Collected data entries:
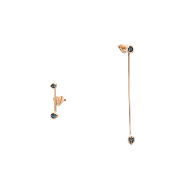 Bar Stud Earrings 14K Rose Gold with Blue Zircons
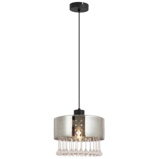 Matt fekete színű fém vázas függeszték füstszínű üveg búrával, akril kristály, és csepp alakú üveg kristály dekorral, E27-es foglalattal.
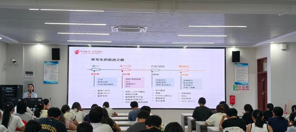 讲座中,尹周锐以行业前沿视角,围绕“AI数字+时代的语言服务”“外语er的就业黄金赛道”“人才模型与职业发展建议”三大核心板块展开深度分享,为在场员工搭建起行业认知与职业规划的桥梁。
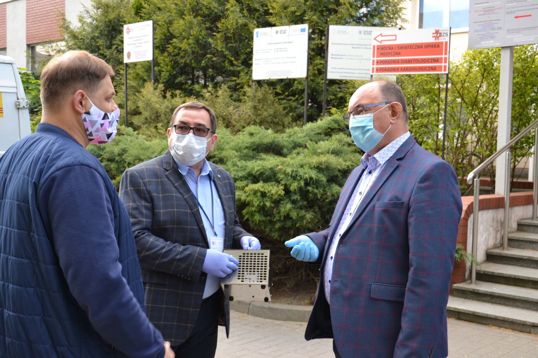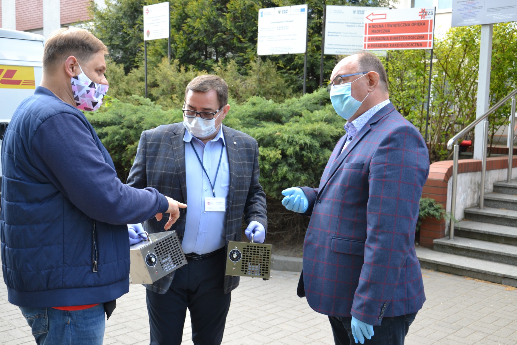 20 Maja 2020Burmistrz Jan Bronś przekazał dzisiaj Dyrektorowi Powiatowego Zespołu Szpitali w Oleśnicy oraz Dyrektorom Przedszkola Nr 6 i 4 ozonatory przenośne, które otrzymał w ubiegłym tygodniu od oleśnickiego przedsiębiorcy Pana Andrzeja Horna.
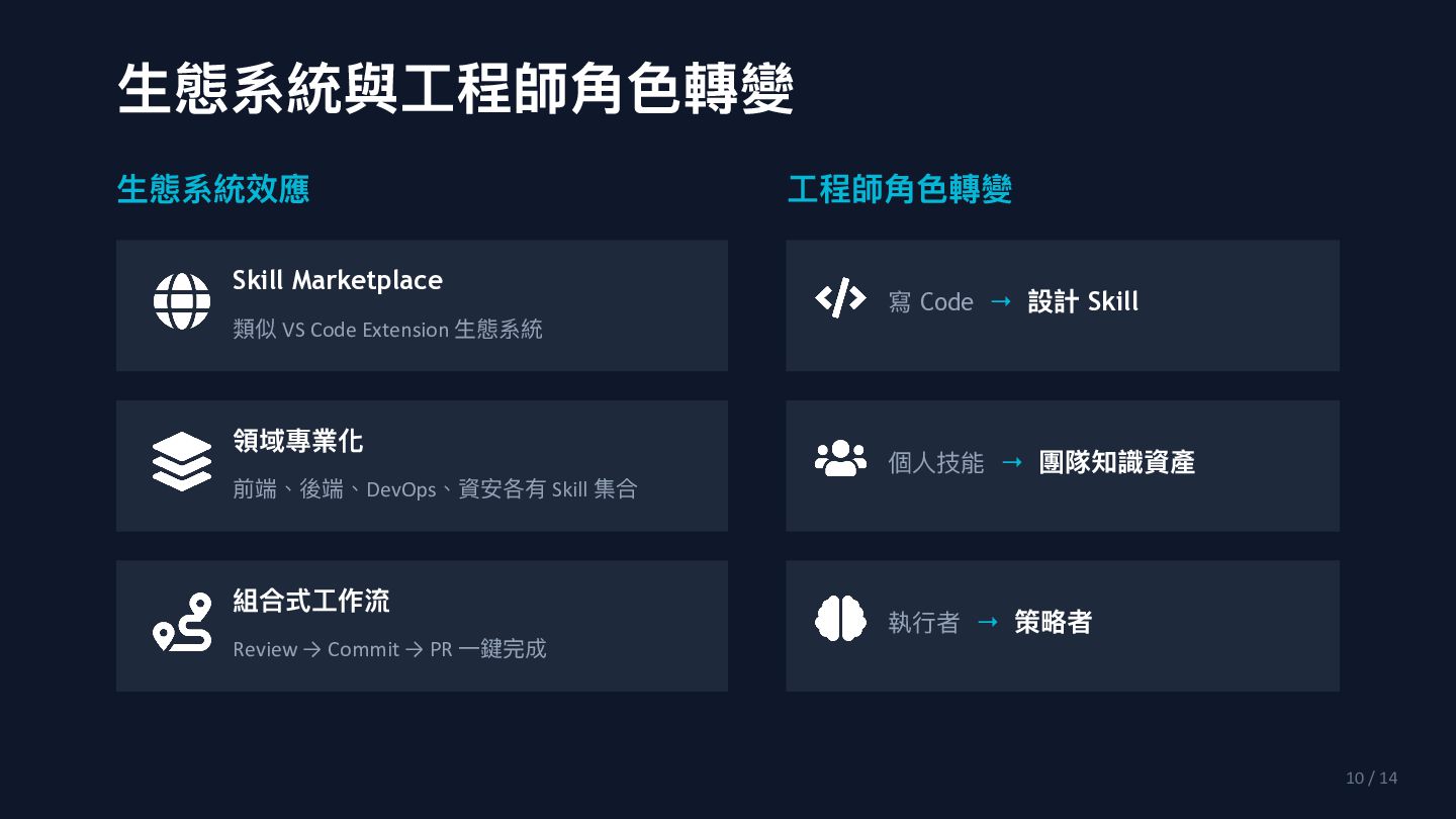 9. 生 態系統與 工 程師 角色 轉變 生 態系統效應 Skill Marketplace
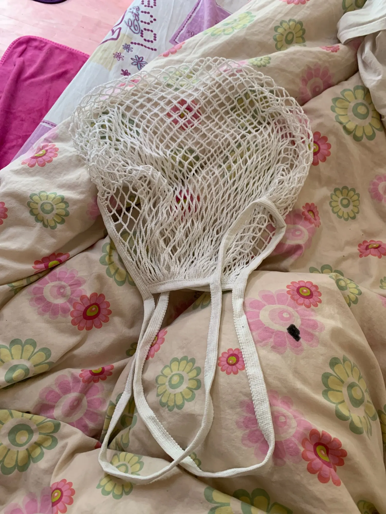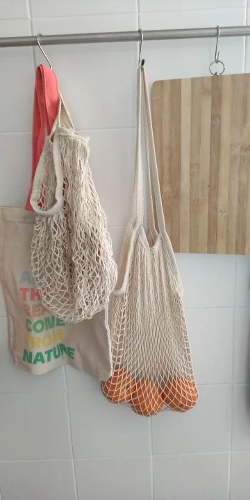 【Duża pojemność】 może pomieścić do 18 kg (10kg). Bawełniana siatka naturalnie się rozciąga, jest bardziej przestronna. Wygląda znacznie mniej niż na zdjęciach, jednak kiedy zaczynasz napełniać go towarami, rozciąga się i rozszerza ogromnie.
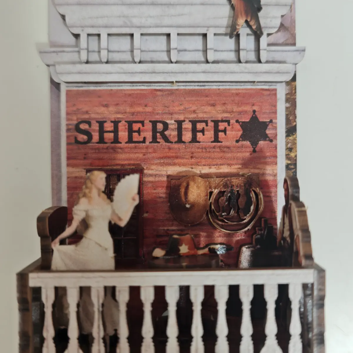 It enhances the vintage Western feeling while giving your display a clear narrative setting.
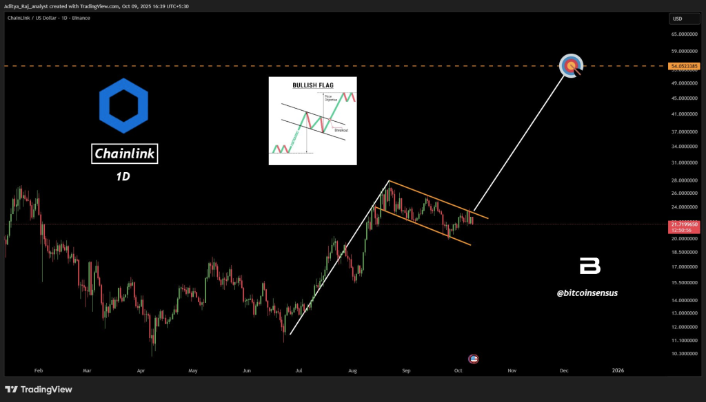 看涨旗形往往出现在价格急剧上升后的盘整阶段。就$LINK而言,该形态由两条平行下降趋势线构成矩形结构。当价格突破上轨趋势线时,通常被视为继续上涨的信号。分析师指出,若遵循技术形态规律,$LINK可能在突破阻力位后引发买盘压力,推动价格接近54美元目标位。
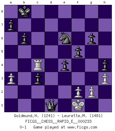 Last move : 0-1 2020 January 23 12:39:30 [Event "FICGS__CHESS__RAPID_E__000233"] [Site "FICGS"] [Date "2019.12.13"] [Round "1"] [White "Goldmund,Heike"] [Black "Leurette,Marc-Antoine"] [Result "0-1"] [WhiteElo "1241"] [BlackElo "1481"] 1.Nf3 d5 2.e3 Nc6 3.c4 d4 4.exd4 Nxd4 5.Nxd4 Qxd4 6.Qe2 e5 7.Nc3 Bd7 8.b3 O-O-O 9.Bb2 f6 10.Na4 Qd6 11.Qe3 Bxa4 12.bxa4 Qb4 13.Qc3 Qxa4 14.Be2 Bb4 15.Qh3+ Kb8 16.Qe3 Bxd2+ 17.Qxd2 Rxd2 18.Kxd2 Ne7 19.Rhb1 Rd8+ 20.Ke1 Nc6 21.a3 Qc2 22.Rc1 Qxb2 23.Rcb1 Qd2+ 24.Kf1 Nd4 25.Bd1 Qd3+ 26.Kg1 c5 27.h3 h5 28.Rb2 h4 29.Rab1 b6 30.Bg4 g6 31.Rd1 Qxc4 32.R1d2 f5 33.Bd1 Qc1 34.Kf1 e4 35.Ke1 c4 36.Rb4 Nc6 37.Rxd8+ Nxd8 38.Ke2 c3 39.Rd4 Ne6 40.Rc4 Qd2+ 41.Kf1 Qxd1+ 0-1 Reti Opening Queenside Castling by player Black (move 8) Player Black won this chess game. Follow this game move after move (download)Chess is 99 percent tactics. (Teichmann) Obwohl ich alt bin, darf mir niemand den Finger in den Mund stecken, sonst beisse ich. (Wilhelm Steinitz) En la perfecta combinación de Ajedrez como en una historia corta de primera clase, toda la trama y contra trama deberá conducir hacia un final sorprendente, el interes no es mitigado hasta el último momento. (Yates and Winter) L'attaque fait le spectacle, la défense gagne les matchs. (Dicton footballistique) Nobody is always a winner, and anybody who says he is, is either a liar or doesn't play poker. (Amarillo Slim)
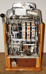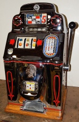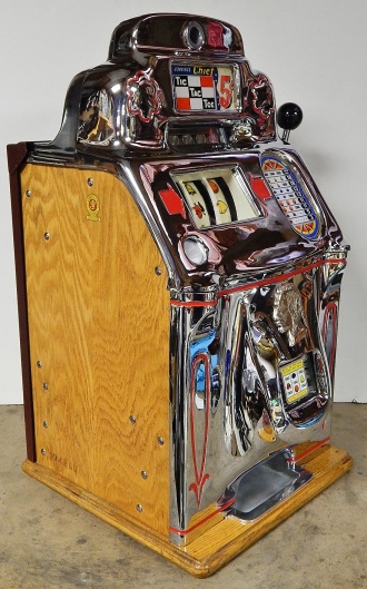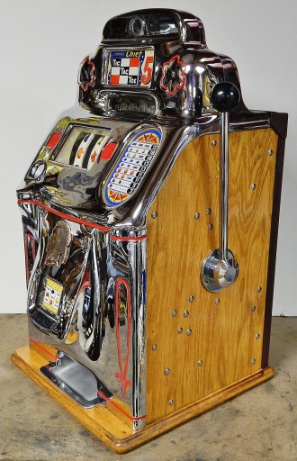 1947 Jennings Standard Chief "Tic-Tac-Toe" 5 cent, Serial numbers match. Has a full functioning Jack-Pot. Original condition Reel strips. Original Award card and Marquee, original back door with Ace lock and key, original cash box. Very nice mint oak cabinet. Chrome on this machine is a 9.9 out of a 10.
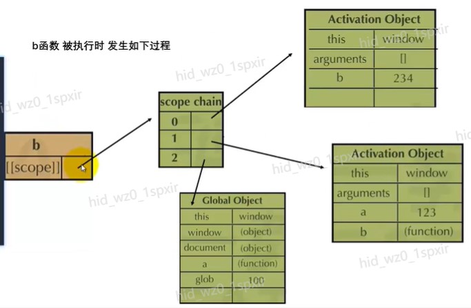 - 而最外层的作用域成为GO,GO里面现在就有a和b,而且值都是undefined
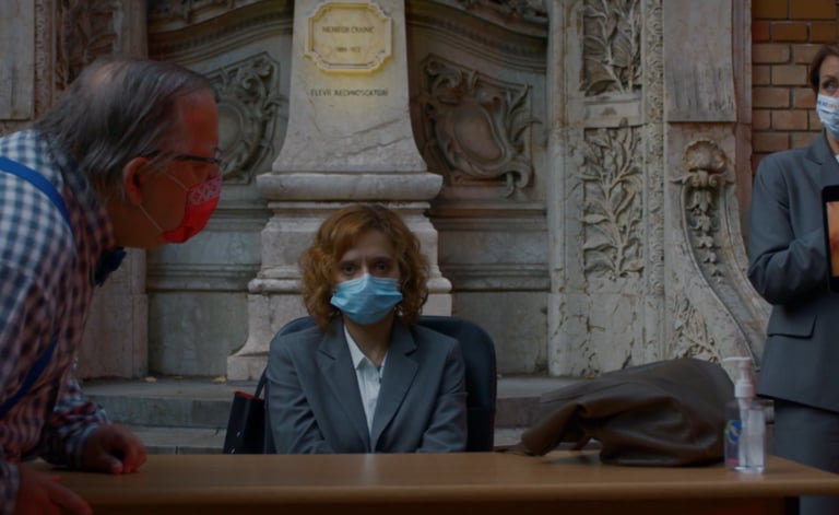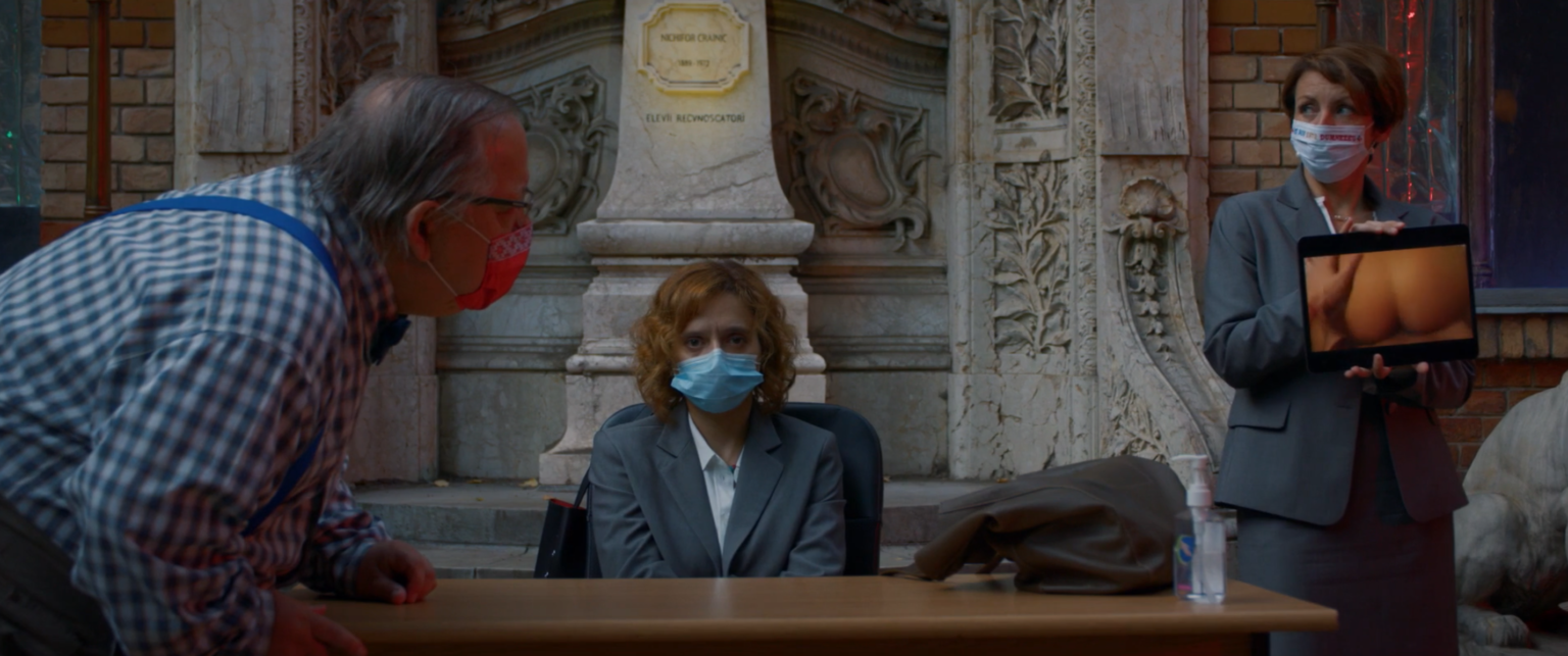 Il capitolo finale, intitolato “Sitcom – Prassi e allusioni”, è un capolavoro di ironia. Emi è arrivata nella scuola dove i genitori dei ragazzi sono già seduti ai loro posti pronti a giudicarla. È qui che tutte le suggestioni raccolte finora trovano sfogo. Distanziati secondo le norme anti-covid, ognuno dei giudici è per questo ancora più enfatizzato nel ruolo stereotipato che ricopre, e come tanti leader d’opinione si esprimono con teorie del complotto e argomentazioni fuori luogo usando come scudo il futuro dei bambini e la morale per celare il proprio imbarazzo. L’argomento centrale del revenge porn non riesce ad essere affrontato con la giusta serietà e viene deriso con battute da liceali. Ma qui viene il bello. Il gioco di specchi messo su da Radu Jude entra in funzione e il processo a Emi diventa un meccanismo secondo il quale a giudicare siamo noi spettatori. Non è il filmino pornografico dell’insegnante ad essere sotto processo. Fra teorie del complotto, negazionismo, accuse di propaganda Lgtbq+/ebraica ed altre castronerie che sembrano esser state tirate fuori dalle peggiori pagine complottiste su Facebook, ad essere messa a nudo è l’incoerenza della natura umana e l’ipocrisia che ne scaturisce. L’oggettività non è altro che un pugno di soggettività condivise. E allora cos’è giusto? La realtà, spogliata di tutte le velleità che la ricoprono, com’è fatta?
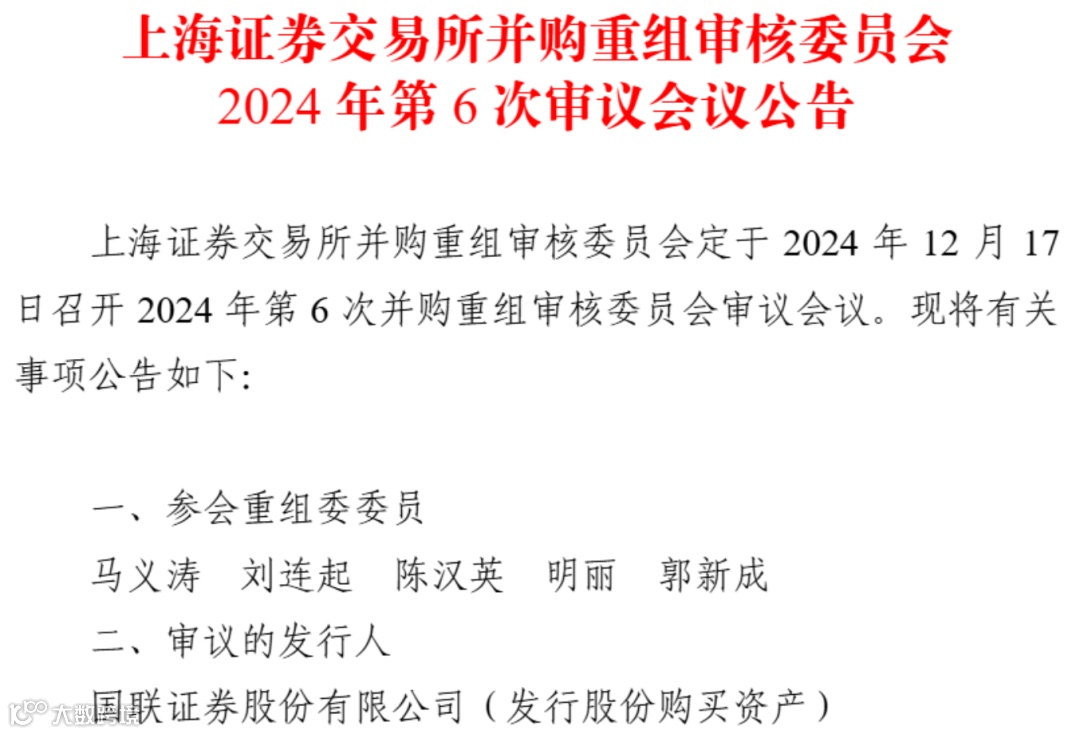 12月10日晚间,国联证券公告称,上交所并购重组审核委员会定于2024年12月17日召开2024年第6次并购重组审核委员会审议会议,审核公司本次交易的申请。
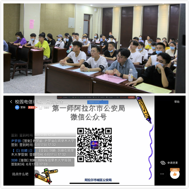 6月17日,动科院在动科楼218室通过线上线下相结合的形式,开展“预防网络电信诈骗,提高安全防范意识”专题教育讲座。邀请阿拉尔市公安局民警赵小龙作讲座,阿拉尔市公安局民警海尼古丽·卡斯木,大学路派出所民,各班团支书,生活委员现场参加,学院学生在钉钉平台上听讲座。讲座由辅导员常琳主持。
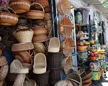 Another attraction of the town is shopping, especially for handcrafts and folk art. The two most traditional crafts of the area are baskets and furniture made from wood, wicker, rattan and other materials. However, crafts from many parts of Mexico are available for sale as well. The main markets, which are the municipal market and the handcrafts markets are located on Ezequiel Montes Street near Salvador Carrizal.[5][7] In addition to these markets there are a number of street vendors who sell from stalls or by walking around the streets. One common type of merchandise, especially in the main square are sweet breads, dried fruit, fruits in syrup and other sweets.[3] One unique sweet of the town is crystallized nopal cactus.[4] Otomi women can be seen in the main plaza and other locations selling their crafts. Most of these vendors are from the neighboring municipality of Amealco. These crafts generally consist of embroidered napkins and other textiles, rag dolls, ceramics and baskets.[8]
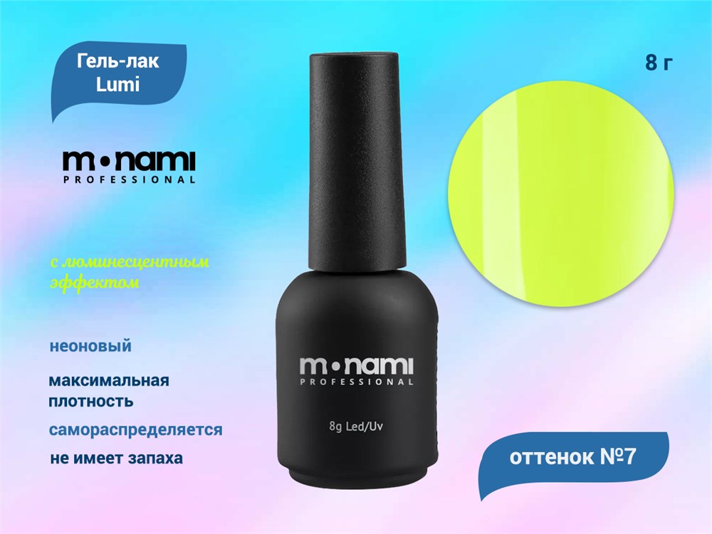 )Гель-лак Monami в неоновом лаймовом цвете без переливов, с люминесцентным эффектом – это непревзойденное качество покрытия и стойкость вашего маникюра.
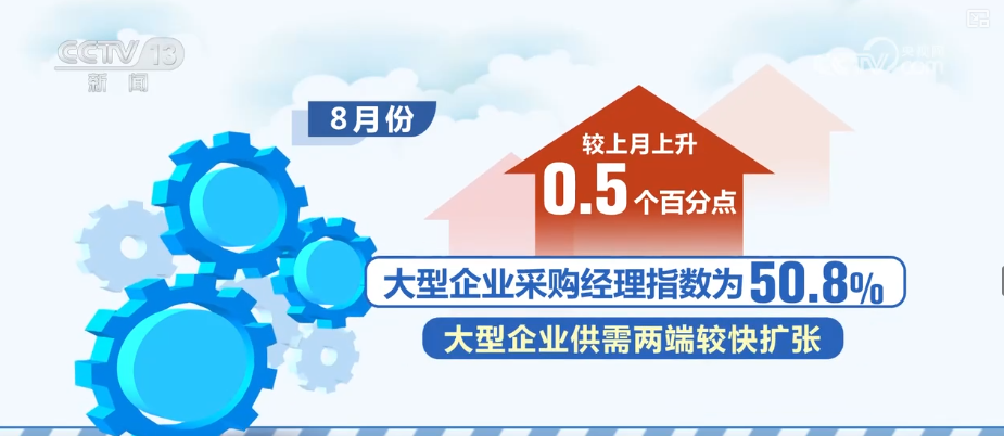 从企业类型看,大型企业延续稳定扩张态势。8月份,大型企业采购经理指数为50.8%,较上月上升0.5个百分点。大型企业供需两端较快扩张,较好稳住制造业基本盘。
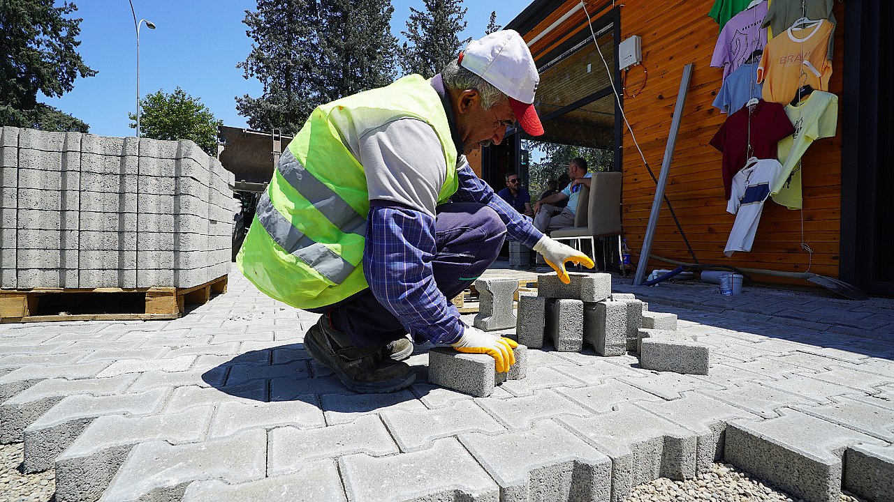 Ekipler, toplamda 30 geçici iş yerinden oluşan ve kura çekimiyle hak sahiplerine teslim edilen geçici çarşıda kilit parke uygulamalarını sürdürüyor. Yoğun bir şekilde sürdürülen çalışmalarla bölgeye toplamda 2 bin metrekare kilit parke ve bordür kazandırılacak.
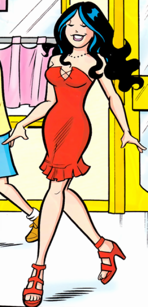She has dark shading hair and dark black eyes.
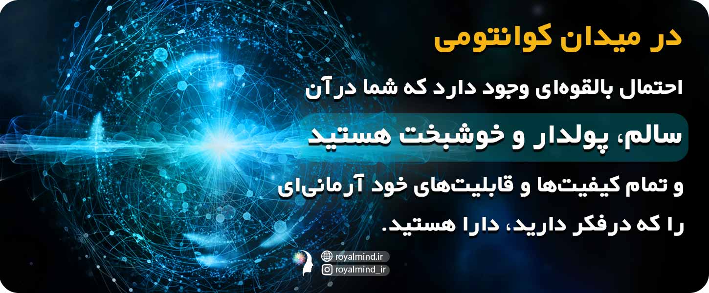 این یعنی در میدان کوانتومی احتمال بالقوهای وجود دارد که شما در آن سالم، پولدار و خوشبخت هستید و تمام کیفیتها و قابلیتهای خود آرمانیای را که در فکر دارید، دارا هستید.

What this task involves: Respond with the exact lines above running from the one containing "Matt fekete színű" to the one containing "9. 生 態系統與 工", both ends kept and no pictures included.

Written response:
 Matt fekete színű fém vázas függeszték füstszínű üveg búrával, akril kristály, és csepp alakú üveg kristály dekorral, E27-es foglalattal.
 讲座中,尹周锐以行业前沿视角,围绕“AI数字+时代的语言服务”“外语er的就业黄金赛道”“人才模型与职业发展建议”三大核心板块展开深度分享,为在场员工搭建起行业认知与职业规划的桥梁。
 20 Maja 2020Burmistrz Jan Bronś przekazał dzisiaj Dyrektorowi Powiatowego Zespołu Szpitali w Oleśnicy oraz Dyrektorom Przedszkola Nr 6 i 4 ozonatory przenośne, które otrzymał w ubiegłym tygodniu od oleśnickiego przedsiębiorcy Pana Andrzeja Horna.
 9. 生 態系統與 工 程師 角色 轉變 生 態系統效應 Skill Marketplace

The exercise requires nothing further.